6 minute read · April 19, 2022

How Spice AI and Dremio Are Making Data Accessible in Web3

Mark Lyons

Mark Lyons · Vice President of Product Management, Dremio

We all know the next evolutionary phase of the internet will bring extraordinary opportunities. Web3 phenomena like cryptocurrencies, NFTs, smart contracts, and the metaverse are poised to disrupt traditional spheres from finance to entertainment - potentially ushering in a new era of decentralized ownership, free of traditional gatekeepers. These technologies are based on encrypted ledgers, or blockchains (like the ones used by Bitcoin and Ethereum) and take a decentralized, open approach to data. Whereas in Web2, data was owned by a handful of powerful companies (think Google, Facebook, and so on), data in the Web3 era is open and trusted, powered by shared ledgers that aren’t owned by any one entity. 

We know from the Web2 world that data is essential for delivering personalized, engaging experiences. The same holds for Web3, which at its foundation is about data. But getting data from blockchains is very hard. Companies and developers who figure out ways to discover, query, and use blockchain data have a tremendous advantage over the next few years. For that reason we’re excited to partner with startup Spice AI, which recently came out of private beta and uses Dremio to accelerate queries on massive amounts of blockchain data. 

Making It Easy to Add AI to Applications with Blockchain Data

Spice is focused on making it easy to develop smart applications for Web3. Right now, adding AI and machine learning (ML) to applications and having them learn is still much harder than it should be.   

Spice makes it easier for developers to add AI to applications with its open source solution. And it is building the data platform that they can then use as the foundation for their applications. One reason for the huge gap in applying AI in software is that AI and ML are incredibly data hungry. As Spice CEO Luke Kim puts it, there’s a “cold start” problem in AI development. Spice’s data platform leverages the vast amount of blockchain data and makes it available for training models so developers can avoid a cold start. 
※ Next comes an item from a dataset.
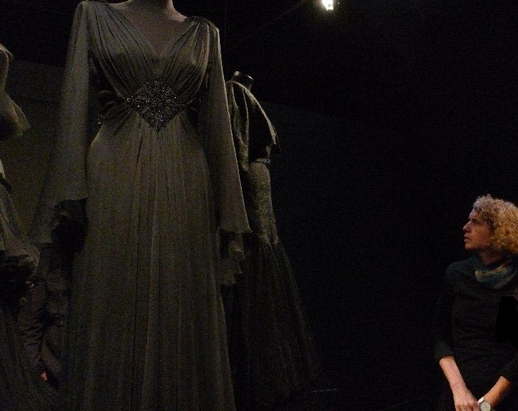 Pedro Rodriguez exhibition at DHUB Barcelona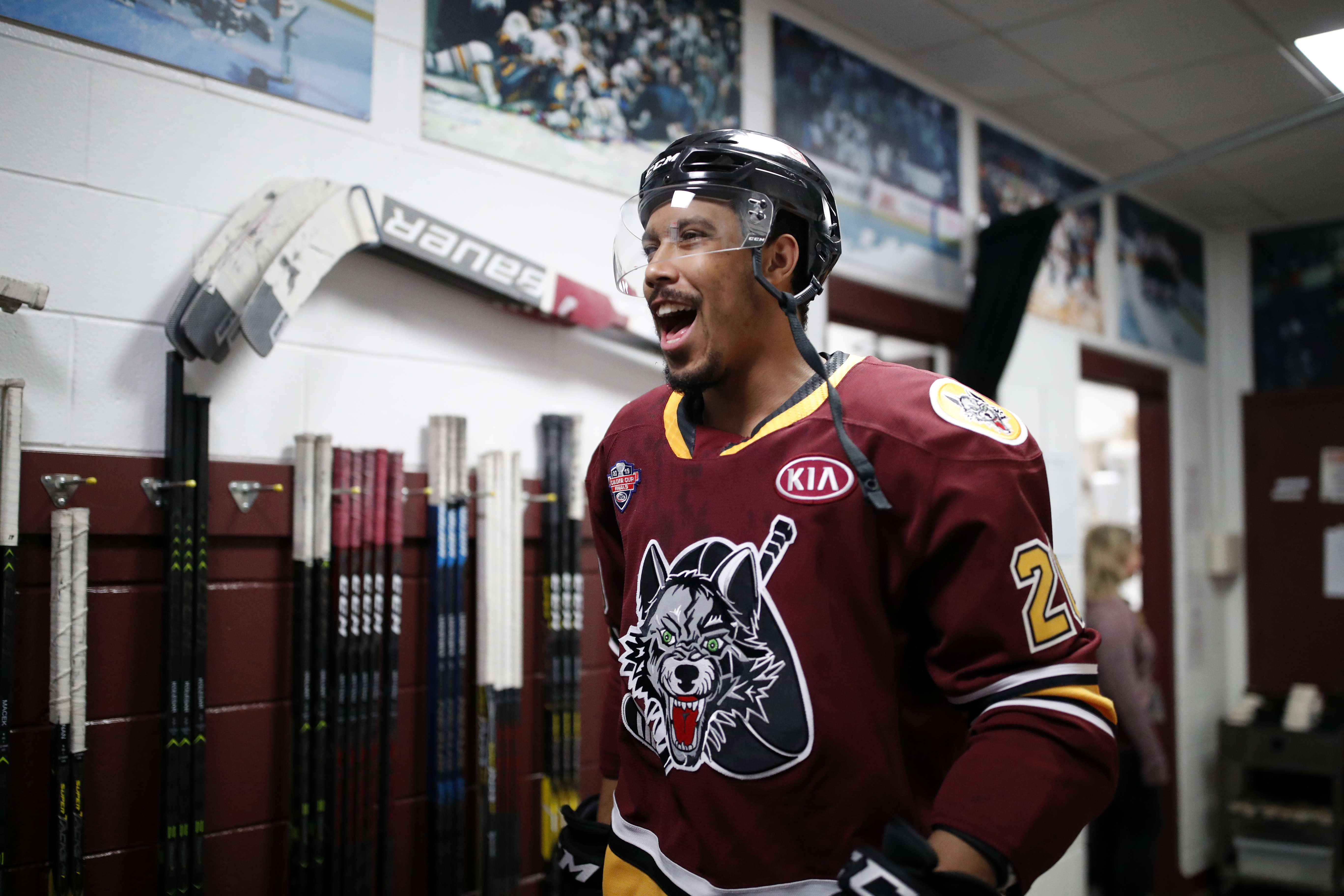 Photo: Ross Dettman

Use Cases for a Web3 Data Platform

Spice sees several use cases for its Web3 data platform. For instance, in the Web2 world, recommendation systems are hugely successful. Today, if you go to Netflix, you’re served up a personalized recommendation on what to watch next. E-commerce sites like Amazon offer tailored suggestions based on your previous purchases. 

But recommendation systems don’t yet exist in the Web3 world. If you go on the NFT marketplace OpenSea and first connect your wallet, you don’t get served all the personalized recommendations for NFTs that you could, based on your wallet history. The reason? Until now, it’s been too hard and it takes too long to run queries against what might be 10 terabytes or more of blockchain data. 

In addition to recommendations for marketplaces, Spice is also working on a number of use cases, including: 

  • Clustering addresses and observing crypto trading behavior for fin-tech and hedge funds (for example, observing behavior across Bitcoin and Ethereum blockchains)
  • Wallet-to-wallet messaging and Web3-native marketing
  • Authenticity services for NFTs

How Spice AI Uses Dremio to Accelerate Data Access on an Open Lakehouse Platform

To handle massive quantities of blockchain data, Spice combines multiple data techniques, including using Apache Parquet files stored in ADLS for long-term storage and time-series databases for real-time access. The company intends to be available on Amazon S3 and Google Cloud Storage in the future. The founders’ experience with Azure (Kim and CTO Phillip LeBlanc have long-standing experience with Azure and Microsoft) led them to start with ADLS first.  

The company extracts-transforms-loads (ETLs) data from blockchain nodes via blockchain-tailored processing pipelines and time-series databases.The company archives data from blockchain nodes and ETLs the data to a database. They then use a variety of processes to coalesce that data and then consolidate it into bigger Parquet files. Dremio enables Spice to query these very large datasets and get subsecond responses.

For Spice, choosing Dremio’s open lakehouse platform was a matter of the company’s open source DNA as well as technology like Reflections and Apache Arrow. Says Kim, “Building upon a foundation of Arrow and Arrow Flight creates a unified platform across AI and data.” Another factor is Dremio’s ability to unify data systems including Parquet in storage, traditional RDBMS, and NoSQL database systems. Because the nature of blockchain data is unique, one size does not fit all. Dremio allows Spice to stitch all these systems together. 

Using Reflections, the Spice team can get real-time insights that aren’t available otherwise. “In half a second we can get blockchain data,” says Kim. “We’re significantly faster on Dremio architecture and have the ability to join across blockchains.”